US economy is contracting but stocks hit record
The US economy is contracting for the first time since 2011. The growth rate for gross domestic product (GDP) in the first three months of the year was revised down from an annualised pace of 0.1% to a contraction of 1.0%.
Yet, the US benchmark stock index - the S&P 500 - rose to a record high, climbing 0.5% to close at 1,920 on the day.
The prospect of the world's largest economy contracting is worrying, but this is a negative quarter caused by short-term factors.
The contraction is largely due to a downward revision to private firms' inventories.
Besides, the economy wasn't performing well in any case. The first estimate of GDP was stagnant due to bad weather. The revision to inventories just pushed it into negative territory which the economy was already on the cusp of.
Freezing conditions closed factories and construction sites as well as affected stores.
Investment dropped by 1.6% - spending on buildings, housing, equipment all decreased - but spending on intellectual property rose. The latter isn't affected to the same extent by weather as the others.
There was also a negative impact on the production of exports, which fell by 6%. Imports rose by 0.7% as consumers were still buying.
Consumption increased by 3.1%, including durable goods such as dishwashers which is an indicator of people having more disposable income to spend. The federal government also continued to spend, though state and local governments cut back.
Then, the change in the inventories subtracted a sizeable 1.6 percentage points from GDP.
Measuring what companies stockpile, which includes raw materials and unfinished products, revealed that businesses increased inventories by $49bn (£29bn) in the first quarter, which was less than half of what they added in the prior months.
So, private inventories didn't grow but took away from the growth rate of economic activity.
The inventory effect is arithmetic and hits GDP due to how stockpiling is measured.

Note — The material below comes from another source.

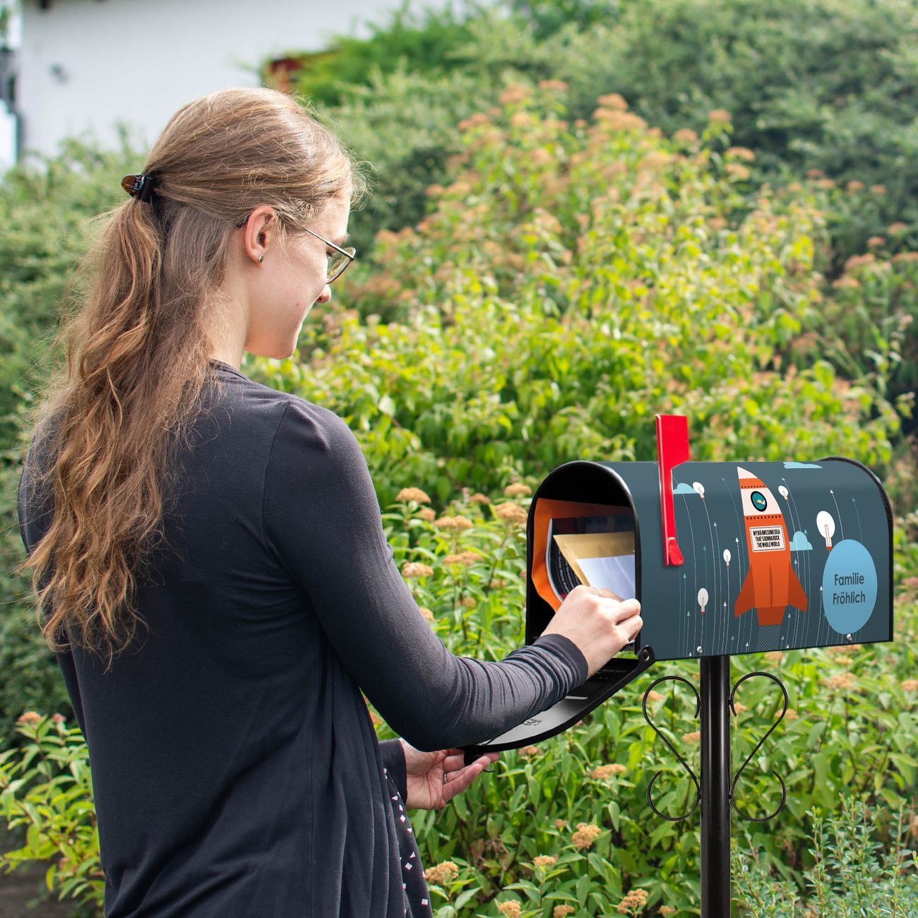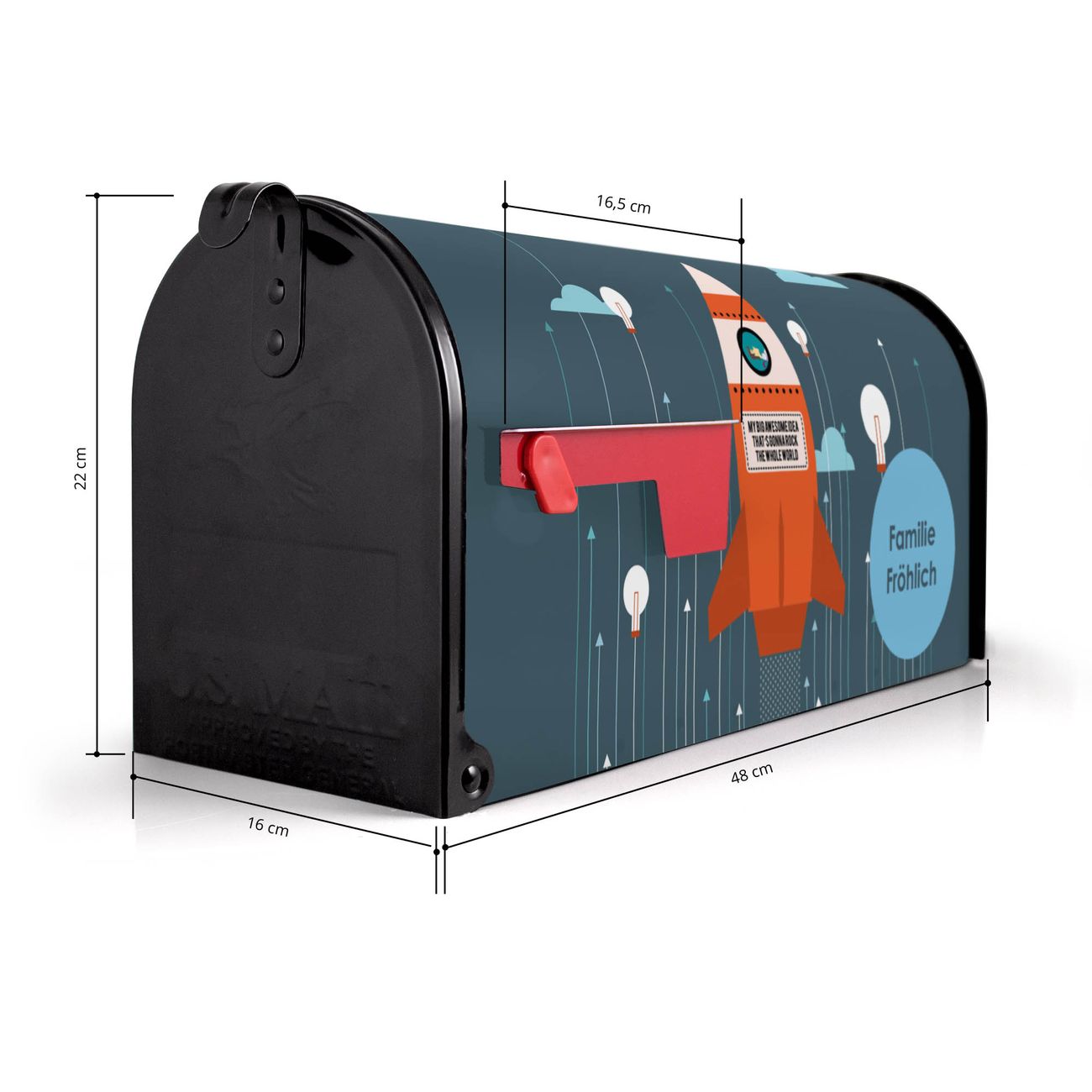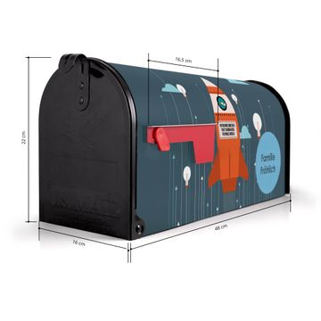 Der amerikanische Briefkasten von banjado mit Rock the World Motiv bietet Ihnen ausreichend Fassungsvermögen, um große A4 Sendungen und Zeitschriften zu empfangen. Die typisch amerikanische rote Fahne zeigt Ihnen an, wenn Sie Post erhalten haben. Die US-Mailbox besteht aus verzinktem Stahlblech welches lackiert wurde und ist 48 x 22 x 16 CM (BxHxT) groß. Die Folie mit Motiv Rock the World besteht aus einer wetter- und UV-resistenten Folie, die mit einem Schutzlaminat überzogen ist, sodass die US Mailbox zusätzlich vor Kratzern geschützt ist. An der Unterkante sind 4 Löcher je Seite um die Mailbox, typisch amerikanisch, an einem Holzpfahl oder einem Zaun zu befestigen. Auf Wunsch können Sie bei uns den passenden Standfuß oder die passende Wandhalterung kaufen um die US-Mailbox sicher zu befestigen. Wir bieten Ihnen ebenfalls Namensschilder, bereits beschriftet oder frei zu beschriften, und verschiedene selbst gestaltete Bitte-Keine-Werbung-Aufkleber.

So, the US also measures GDP based on final sales, or GDP excluding the change in inventories, which increased by 0.6%. It's an attempt to get at the underlying economic activity since inventories are a short-term factor.
And as demand recovers from the bad weather, businesses are expected to raise production since inventories will run down.
It's perhaps why jobs continue to grow despite the contracting economy.
Non-farm payrolls, the awkwardly named but important indicator of jobs, rose by 569,000 in the first three months of the year, and April alone saw 288,000 jobs added. That is the most jobs created in three years since employment started recovering after the recession.
So, some economists are raising their forecasts for GDP growth in the second quarter up from the consensus of an annualised growth rate of 3.5%.
A rebound was what happened after GDP contracted by 1.3% in the first quarter of 2011. The second quarter registered growth of 3.2%.
Short-term factors like bad weather and inventories are perhaps why markets don't seem concerned. They are also buoyed by strong corporate profits, which totalled $1.88 trillion or 11% of GDP in the first quarter.
Still, overall, the recovery isn't impressive. It is unusual to have a negative quarter of GDP outside of a period of recession. Yet, the US has had two such negative quarters in the five years since the crash.
Even though it is unlikely that the US will fall into a second recession - which is technically defined as two consecutive quarters of negative GDP - these negative quarters are a reminder of how hard it is to have a sustained recovery after a systemic banking crisis.